* [Task item]:
When you reach the records below, output every one exactly as written but leave out any pictures.

== Dataset records

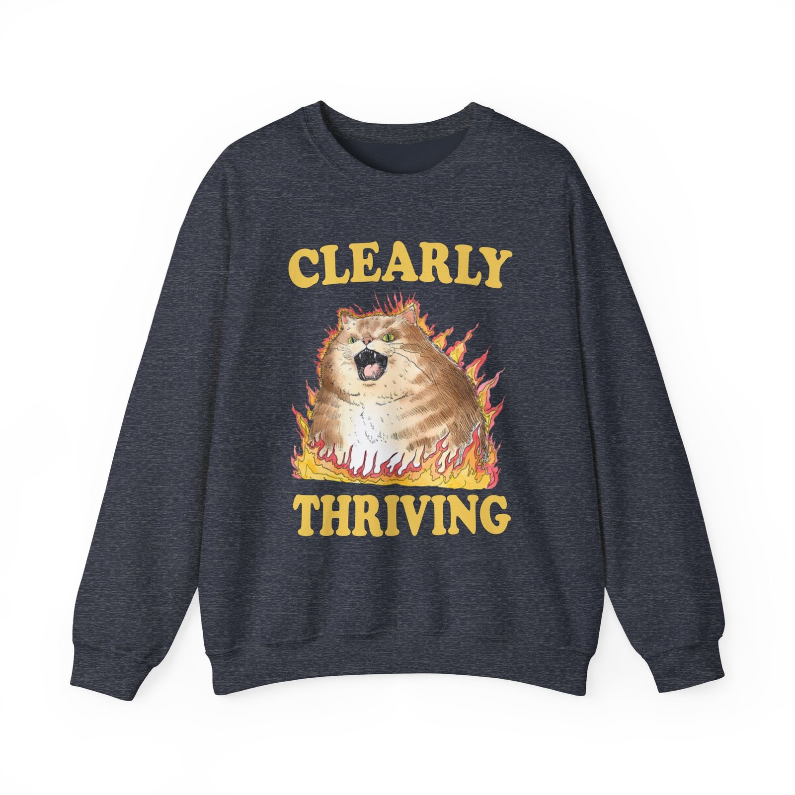 Ideal for any situation, a Philip Defranco Clearly Thriving unisex heavy blend crewneck sweatshirt is pure comfort. These garments are made from polyester and cotton. This combination helps designs come out looking fresh and beautiful. The collar is ribbed knit, so it retains its shape even after washing. There are no itchy side seams on these sweaters.
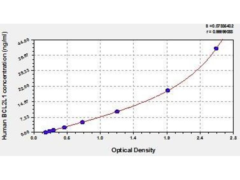 - Antibody specific for BCL2L1 has been pre-coated onto a microplate. Standards and samples are pipetted into the wells and any BCL2L1 present is bound by the immobilized antibody. After removing any unbound substances, a biotin-conjugated antibody specific for BCL2L1 is added to the wells. After washing, avidin conjugated Horseradish Peroxidase (HRP) is added to the wells. Following a wash to remove any unbound avidin-enzyme reagent, a substrate solution is added to the wells and color develops in proportion to the amount of BCL2L1 bound in the initial step. The color development is stopped and the intensity of the color is measured.
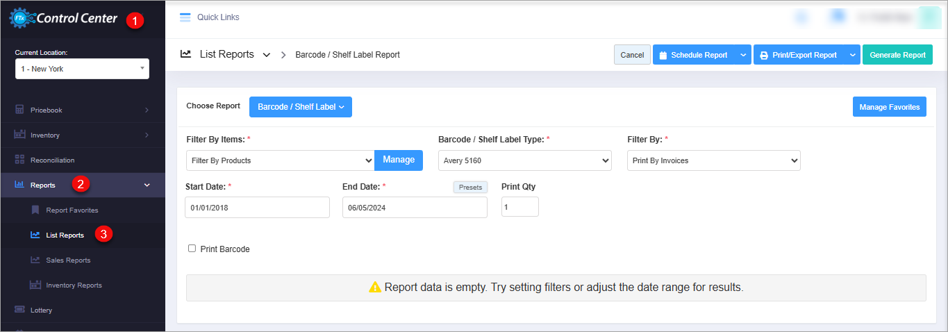 - The system will navigate you to the Barcode/Shelf Label Report home screen. Click "Generate Report." The system will generate reports based on your selection as highlighted in Figure 4.5.
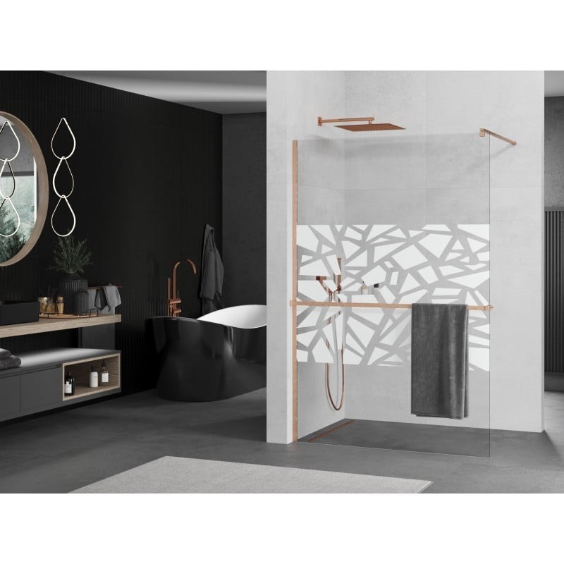 Elegantný sprchové zásteny WALK-IN KIOTO s praktickou hliníkovou poličkou a držiakom uterákov od výrobcu MEXEN. Zástena je vyrobená z tvrdeného skla o sile 8 mm a výške 200 cm . Inštaluje sa pomocou hliníkových profilov s možnosťou vyrovnanie nerovností steny a je ukotvená 150 cm stabilizačnou vzperou z nerezovej ocele, ktorú je možné skrátiť na požadovanú dĺžku .
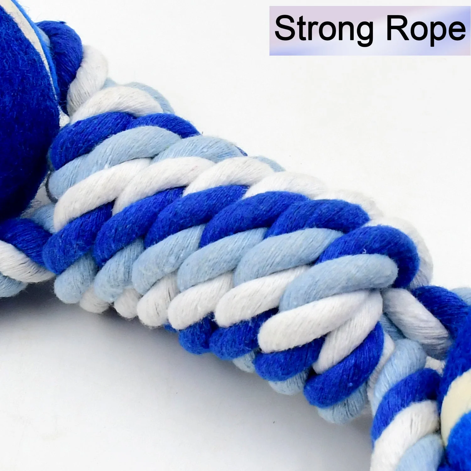 - Our dog ball toy with rope is made of high-quality cotton rope and balls. The middle of the toy is woven into a solid knot with cotton rope. It is safe and tough enough to resist the dog's high-strength chew and will not break easily.
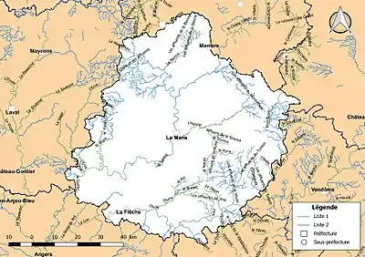 Le département de la Sarthe est entièrement situé dans le bassin hydrographique de la Loire, à savoir le bassin Loire-Bretagne. D'une longueur de 4 500 km[3], le réseau hydrographique départemental comprend 11 cours d'eau de longueur supérieure à 50 km et 61 de longueur supérieure à 10 km.
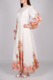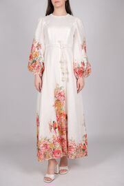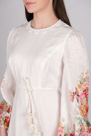 Льняное платье молочного цвета с длинным рукавом и принтом

====

* [Answer section]:
 Ideal for any situation, a Philip Defranco Clearly Thriving unisex heavy blend crewneck sweatshirt is pure comfort. These garments are made from polyester and cotton. This combination helps designs come out looking fresh and beautiful. The collar is ribbed knit, so it retains its shape even after washing. There are no itchy side seams on these sweaters.
 - Antibody specific for BCL2L1 has been pre-coated onto a microplate. Standards and samples are pipetted into the wells and any BCL2L1 present is bound by the immobilized antibody. After removing any unbound substances, a biotin-conjugated antibody specific for BCL2L1 is added to the wells. After washing, avidin conjugated Horseradish Peroxidase (HRP) is added to the wells. Following a wash to remove any unbound avidin-enzyme reagent, a substrate solution is added to the wells and color develops in proportion to the amount of BCL2L1 bound in the initial step. The color development is stopped and the intensity of the color is measured.
 - The system will navigate you to the Barcode/Shelf Label Report home screen. Click "Generate Report." The system will generate reports based on your selection as highlighted in Figure 4.5.
 Elegantný sprchové zásteny WALK-IN KIOTO s praktickou hliníkovou poličkou a držiakom uterákov od výrobcu MEXEN. Zástena je vyrobená z tvrdeného skla o sile 8 mm a výške 200 cm . Inštaluje sa pomocou hliníkových profilov s možnosťou vyrovnanie nerovností steny a je ukotvená 150 cm stabilizačnou vzperou z nerezovej ocele, ktorú je možné skrátiť na požadovanú dĺžku .
 - Our dog ball toy with rope is made of high-quality cotton rope and balls. The middle of the toy is woven into a solid knot with cotton rope. It is safe and tough enough to resist the dog's high-strength chew and will not break easily.
 Le département de la Sarthe est entièrement situé dans le bassin hydrographique de la Loire, à savoir le bassin Loire-Bretagne. D'une longueur de 4 500 km[3], le réseau hydrographique départemental comprend 11 cours d'eau de longueur supérieure à 50 km et 61 de longueur supérieure à 10 km.
 Льняное платье молочного цвета с длинным рукавом и принтом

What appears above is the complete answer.